On the Oklahoma City radar at 3:40 PM, the storm that would produce an EF-4 tornado was visible in western Garvin County. It formed where dewpoint temperatures were in the mid-sixties. And the storms near Woodward in the previous radar image had strengthened and grown to cover more area. They had also moved east closer to Enid as the dryline shifted east.
On the 3:40 PM radar image you also see a line of storms forming on the border of Oklahoma and Arkansas. These highlight that atmospheric moisture, east of a dryline, is only one ingredient of storm formation.
A map from the National Weather Service’s Norman Forecast Office shows the tornadoes that formed in south central Oklahoma on Monday, May 9th. The red line was the EF-4 in Garvin County. The orange tracks were EF-3 tornadoes that set down in Murray and Johnston Counties. A yellow line shows an EF-2 tornado that formed in Bryan County.
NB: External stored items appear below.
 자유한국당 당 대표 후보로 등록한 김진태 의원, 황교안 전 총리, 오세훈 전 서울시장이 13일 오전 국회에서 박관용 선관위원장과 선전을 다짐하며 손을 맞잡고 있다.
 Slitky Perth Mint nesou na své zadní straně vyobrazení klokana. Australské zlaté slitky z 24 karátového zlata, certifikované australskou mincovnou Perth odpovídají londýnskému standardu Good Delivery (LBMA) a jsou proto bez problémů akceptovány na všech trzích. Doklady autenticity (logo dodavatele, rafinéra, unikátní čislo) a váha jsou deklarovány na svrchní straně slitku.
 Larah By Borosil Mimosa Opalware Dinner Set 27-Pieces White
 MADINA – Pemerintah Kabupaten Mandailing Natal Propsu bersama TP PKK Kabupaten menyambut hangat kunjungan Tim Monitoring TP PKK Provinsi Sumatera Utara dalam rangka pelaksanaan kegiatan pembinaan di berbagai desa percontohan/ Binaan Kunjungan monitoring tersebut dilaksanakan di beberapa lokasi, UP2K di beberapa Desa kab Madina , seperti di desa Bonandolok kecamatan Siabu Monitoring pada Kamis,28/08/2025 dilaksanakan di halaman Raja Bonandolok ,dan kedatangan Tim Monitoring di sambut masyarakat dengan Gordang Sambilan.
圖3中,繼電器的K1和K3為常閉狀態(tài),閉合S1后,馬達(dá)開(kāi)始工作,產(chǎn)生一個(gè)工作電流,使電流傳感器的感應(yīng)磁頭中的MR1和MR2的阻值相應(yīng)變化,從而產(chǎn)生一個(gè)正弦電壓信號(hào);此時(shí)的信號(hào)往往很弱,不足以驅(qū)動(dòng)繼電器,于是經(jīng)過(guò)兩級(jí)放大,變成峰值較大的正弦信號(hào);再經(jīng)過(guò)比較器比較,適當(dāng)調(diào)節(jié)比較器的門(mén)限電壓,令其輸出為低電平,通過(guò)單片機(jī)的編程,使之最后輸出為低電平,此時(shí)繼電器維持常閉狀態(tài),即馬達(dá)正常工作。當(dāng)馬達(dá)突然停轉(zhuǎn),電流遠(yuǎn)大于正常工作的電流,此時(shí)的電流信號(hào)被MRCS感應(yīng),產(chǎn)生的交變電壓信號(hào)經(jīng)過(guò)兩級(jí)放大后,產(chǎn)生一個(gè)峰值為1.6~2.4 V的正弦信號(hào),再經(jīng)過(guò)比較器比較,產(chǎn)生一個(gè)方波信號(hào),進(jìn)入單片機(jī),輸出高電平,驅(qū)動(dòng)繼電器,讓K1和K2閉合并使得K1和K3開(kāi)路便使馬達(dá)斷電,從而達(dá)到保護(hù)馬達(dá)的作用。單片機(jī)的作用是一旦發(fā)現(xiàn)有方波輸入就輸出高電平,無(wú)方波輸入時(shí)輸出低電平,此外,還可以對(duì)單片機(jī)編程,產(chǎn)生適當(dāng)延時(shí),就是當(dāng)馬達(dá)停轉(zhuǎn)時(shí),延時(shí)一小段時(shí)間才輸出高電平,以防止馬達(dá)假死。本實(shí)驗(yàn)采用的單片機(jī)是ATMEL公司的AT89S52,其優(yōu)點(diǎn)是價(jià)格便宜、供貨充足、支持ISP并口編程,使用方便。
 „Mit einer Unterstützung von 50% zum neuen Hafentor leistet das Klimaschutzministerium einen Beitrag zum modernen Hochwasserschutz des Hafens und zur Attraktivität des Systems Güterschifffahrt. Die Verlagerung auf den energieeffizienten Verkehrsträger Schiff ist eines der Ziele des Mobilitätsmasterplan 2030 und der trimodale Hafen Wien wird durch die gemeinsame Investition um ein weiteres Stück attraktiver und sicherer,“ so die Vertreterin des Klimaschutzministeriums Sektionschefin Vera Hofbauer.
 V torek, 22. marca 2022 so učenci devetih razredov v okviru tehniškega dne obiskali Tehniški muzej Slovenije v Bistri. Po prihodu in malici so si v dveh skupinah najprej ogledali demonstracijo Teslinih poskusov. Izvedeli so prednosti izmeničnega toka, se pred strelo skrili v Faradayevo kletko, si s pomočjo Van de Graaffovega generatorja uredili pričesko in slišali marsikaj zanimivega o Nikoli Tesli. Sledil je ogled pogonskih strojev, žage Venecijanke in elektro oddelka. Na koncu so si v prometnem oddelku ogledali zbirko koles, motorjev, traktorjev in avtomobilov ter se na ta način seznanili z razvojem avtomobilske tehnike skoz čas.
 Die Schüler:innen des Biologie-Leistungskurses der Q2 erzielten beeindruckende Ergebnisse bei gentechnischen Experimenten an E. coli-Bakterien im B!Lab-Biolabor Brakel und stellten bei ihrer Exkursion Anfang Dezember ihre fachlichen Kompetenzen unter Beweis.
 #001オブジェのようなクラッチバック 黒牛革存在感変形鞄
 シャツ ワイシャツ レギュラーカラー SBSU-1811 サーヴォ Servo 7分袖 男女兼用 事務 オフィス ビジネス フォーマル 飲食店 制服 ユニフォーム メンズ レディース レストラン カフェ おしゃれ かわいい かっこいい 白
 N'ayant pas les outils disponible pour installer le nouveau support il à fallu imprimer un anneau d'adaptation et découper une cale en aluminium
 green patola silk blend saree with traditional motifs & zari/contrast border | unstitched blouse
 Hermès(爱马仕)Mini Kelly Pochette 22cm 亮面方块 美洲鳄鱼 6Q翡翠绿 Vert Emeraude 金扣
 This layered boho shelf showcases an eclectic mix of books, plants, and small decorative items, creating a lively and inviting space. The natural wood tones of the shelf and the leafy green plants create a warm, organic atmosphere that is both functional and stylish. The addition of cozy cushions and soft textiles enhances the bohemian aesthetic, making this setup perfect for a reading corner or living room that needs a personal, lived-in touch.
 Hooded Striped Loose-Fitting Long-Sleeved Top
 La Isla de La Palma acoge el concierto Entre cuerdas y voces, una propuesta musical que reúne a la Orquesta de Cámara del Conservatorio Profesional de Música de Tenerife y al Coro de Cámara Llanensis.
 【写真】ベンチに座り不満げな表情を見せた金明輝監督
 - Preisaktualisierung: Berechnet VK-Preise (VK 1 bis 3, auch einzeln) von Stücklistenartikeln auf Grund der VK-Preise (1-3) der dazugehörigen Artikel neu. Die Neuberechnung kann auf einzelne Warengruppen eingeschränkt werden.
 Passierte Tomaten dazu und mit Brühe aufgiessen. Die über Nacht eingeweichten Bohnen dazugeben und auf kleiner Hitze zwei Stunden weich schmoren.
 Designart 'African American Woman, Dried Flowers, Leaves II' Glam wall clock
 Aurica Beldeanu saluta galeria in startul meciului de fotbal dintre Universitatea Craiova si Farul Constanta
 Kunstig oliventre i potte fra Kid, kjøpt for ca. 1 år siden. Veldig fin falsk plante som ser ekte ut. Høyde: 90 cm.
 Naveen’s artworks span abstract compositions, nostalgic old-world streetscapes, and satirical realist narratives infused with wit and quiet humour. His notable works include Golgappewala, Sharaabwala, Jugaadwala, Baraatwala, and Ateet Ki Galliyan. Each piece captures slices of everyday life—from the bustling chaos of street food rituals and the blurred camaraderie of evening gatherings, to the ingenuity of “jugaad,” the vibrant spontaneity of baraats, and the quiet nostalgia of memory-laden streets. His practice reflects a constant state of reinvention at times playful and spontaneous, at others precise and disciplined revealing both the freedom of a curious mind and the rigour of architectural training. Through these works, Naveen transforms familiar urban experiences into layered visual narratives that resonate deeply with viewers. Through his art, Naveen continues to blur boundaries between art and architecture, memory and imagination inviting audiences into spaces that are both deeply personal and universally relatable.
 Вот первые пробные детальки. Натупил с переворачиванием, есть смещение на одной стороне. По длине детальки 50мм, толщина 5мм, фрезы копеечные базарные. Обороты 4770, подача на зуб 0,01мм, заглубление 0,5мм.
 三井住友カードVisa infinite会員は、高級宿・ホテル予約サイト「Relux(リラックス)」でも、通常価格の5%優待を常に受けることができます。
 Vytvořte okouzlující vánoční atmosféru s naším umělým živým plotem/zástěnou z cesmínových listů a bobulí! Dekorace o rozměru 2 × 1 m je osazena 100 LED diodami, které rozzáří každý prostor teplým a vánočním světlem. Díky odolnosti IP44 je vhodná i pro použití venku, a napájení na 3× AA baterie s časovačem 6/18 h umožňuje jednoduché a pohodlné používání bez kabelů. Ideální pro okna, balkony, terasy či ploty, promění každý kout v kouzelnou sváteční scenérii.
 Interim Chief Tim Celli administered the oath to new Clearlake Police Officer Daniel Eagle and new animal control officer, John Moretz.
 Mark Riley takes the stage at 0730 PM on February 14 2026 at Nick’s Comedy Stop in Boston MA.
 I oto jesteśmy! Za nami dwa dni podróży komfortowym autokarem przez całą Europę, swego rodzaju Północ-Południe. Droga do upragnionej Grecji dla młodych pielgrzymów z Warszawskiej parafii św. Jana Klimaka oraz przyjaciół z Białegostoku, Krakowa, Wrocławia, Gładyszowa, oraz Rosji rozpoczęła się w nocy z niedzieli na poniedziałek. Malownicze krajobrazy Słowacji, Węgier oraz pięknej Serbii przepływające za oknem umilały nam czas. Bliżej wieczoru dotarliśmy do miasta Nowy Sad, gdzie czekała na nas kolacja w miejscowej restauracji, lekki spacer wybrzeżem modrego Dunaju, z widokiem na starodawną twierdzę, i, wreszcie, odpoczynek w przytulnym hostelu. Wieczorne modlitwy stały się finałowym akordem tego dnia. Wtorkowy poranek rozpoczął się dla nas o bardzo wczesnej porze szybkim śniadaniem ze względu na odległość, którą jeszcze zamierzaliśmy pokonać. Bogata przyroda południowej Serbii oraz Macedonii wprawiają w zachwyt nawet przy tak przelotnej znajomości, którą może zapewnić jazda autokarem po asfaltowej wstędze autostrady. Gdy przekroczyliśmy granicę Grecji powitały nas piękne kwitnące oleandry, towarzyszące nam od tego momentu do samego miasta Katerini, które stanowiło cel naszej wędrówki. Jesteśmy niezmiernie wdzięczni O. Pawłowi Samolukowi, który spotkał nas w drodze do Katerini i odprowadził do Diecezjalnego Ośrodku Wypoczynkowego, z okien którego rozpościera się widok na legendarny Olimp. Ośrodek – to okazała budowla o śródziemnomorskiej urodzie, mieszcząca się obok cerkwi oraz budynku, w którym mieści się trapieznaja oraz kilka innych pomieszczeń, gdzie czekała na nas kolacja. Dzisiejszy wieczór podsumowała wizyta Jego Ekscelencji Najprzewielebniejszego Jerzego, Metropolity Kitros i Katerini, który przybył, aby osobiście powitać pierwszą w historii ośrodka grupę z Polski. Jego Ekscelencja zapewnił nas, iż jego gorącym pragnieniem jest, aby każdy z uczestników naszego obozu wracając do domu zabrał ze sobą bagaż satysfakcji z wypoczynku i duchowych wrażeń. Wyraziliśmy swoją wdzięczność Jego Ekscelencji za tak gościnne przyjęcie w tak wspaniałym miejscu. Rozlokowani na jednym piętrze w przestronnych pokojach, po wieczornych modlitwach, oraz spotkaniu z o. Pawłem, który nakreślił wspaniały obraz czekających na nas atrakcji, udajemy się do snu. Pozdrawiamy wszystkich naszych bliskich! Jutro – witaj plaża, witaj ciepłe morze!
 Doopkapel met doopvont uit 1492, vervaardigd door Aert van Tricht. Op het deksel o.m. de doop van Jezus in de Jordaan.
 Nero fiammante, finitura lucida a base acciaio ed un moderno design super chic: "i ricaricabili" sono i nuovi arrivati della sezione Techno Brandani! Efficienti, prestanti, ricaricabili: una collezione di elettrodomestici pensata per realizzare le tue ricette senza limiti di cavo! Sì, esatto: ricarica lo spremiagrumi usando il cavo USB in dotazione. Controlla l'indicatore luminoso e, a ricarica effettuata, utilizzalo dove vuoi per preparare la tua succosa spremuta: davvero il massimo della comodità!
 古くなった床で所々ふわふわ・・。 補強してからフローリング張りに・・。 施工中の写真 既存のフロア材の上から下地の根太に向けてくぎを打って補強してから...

Green lines show the track of two EF-1 tornadoes.
This map doesn’t include an EF-1 tornado near Glencoe and an EF-2 tornado near Boswell on May 9, 2016.
Dewpoint maps are another way to give you a heads up on severe weather days. Getting more familiar with dewpoint just takes some time. Checking dewpoints on storm days will give you new insights into the significance of dewpoint temperature changes and how they can indicate where storms are likely to form.
This is amazing work, and excellent article. THANK YOU so much, all involved with the MESONET Technology and Resource so valuable to Oklahomans.
John, we’re happy to be a valuable resource to all Oklahomans.